Por tanto. A partir de este momento todo aquel al que cace usando mal dicha expresión va a ser traído a esta palestra. ¡*A ver si* así aprendemos!

 :evil:

----------


## Patrick I. O'Malley

Y al pimero al que le ha tocado es a Arnau en el hilo sobre Criss Angel:

http://www.magiapotagia.com/viewtopi...14553&start=30




> haber... si te fijas, en youtube estan destripados la mayoria de trucos de criss angel...


1 punto de penalización.

----------


## Blakito

Ahí O'Malley, yo estoy contigo 100%.

Yo propongo que se penalice también por un error gravísimo, DEMASIADO común.....y que a nadie parece importarle que se corrija.

Sí.....es la famosa "s" al final de la segunda persona del singular....

"*DijisteS"
"*TrajisteS"
"*¿Como es que hicisteS tal cosa?"

Otro.....el empleo de la tercera persona del plural en vez de la tercera del singular, en las formas compuestas con verbo "haber".

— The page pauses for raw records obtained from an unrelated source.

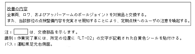 | 改善措置の内容 | 全車両、ロワ、およびアッパーアームのボールジョイントを対策品と交換する。 また、当該部位の点検整備内容を充実させ周知することにより、定期点検へのユーザの注意を喚起する。 |
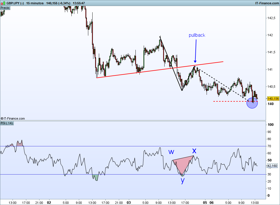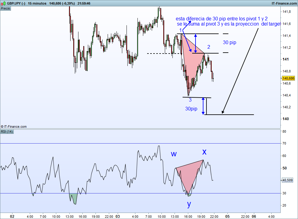 Es un patrón que en RSI se puede decir que es el mas importante, mas que las divergencias, mas fiable porque combina la estructura del precio con la del RSI en esas zonas de sobreventa- sobrecompra, es un patrón de giro y muy importante en los retrocesos
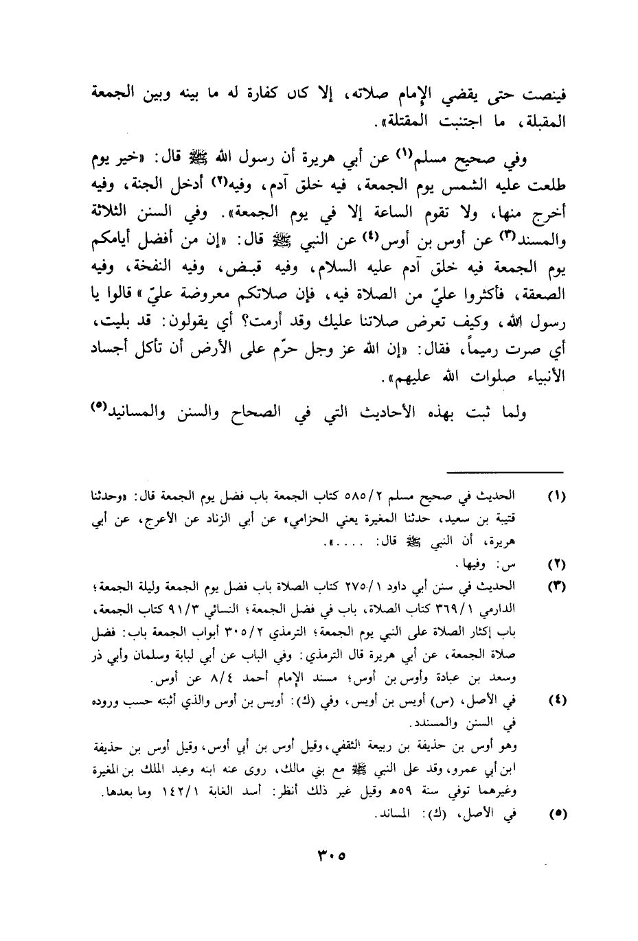 وفي صحيح مسلم عن أبي هريرة أن رسول الله صلى الله عليه وسلم قال: "خير يوم طلعت عليه الشمس يوم الجمعة فيه خلق آدم وفيه أدخل الجنة وفيه أخرج منها ولا تقوم الساعة إلا في يوم الجمعة " وفي السنن الثلاثة والمسند عن أوس بن أوس عن النبي صلى الله عليه وسلم قال: "إن من أفضل أيامكم يوم الجمعة فيه خلق آدم عليه السلام وفيه قبض وفيه النفخة وفيه الصعقة فأكثروا علي من الصلاة فيه فإن صلاتكم معروضة علي قالوا: يا رسول الله وكيف تعرض صلاتنا عليك وقد أرمت؟ أي يقولون قد بليت أي صرت رميما فقال: إن الله عز وجل حرم على الأرض أن تأكل أجساد الأنبياء صلوات الله عليهم".
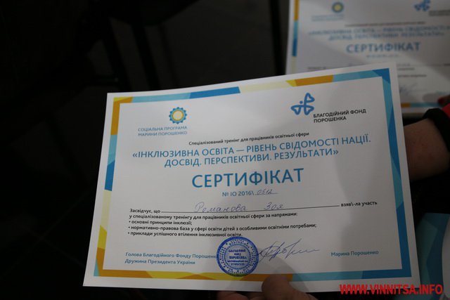 12 травня у Вінниці пройшов перший спеціалізований тренінг для освітян «Інклюзивна освіта – рівень свідомості нації. Досвід. Перспективи. Результати». Тренінги проводяться в рамках соціальної програми Голови Благодійного Фонду Порошенка, Марини Порошенко.
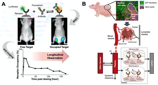 Elucidating antibody-target binding dynamics in the living system. (A) A bioluminescence resonance energy transfer (BRET) imaging method continuously and noninvasively monitor antibody-target interactions in the living tumors. A bright luciferase, NanoLuc, was fused to EGFR as the BRET energy donor. When cetuximab binds to EGFR in solid tumors, the distance between stimulated NanoLuc and DY605 (fluorophore) enables the resonance energy transfer from stimulated NanoLuc to DY605-cetuximab. DY605 emissions from living tumors directly visualized the interactions between cetuximab and EGFR (Adapted from abstract graph [], Cell Press, 2019). (B) A spatially-resolved model characterizes antibody-target binding dynamics in living tumors. The tumor is divided into two compartment (the stroma-rich vs. stroma-poor tumor area), and the model assumes antibody binds to its target at different dynamics in two compartment, which well recapitulated the longitudinal imaging data (Adapted from Figure 2 [], Nature Research, 2020).
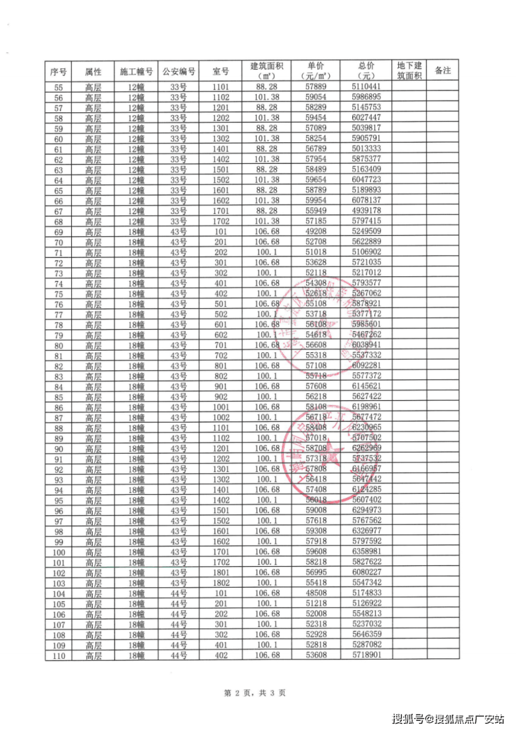 一房一价表:
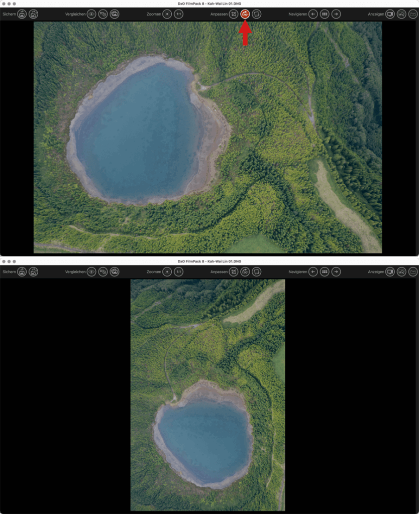 Klicken Sie auf die Schaltfläche Drehen, um das Bild in 90°-Schritten nach rechts zu drehen, bis es wieder in seine Ursprungsposition zurückgekehrt ist.

"*Han habido cuernos....." (Ha habido cuernos....)
"*Entre ellos habían dos niñas embarazadas..." (Entre ellos había dos niñas embarazadas")

Y muchos más errores, pero el del "verbo+s" es una locura.....es demasiado extendido.

También me doy cuenta de que se está extendiendo en exceso el "Dequeísmo", Ej. "*La cosa fue DE QUE yo le dije que viniera...." "*El me dijo DE QUE había suspendido el examen....".

Saudos.

----------


## letang

¿Y los imperativos escritos como infinitivos?

"¡Oír todos!"  ->  correcto: "¡Oíd todos!"
"Enseñarme cómo se hace esto"  ->  correcto: "Enseñadme cómo se hace esto"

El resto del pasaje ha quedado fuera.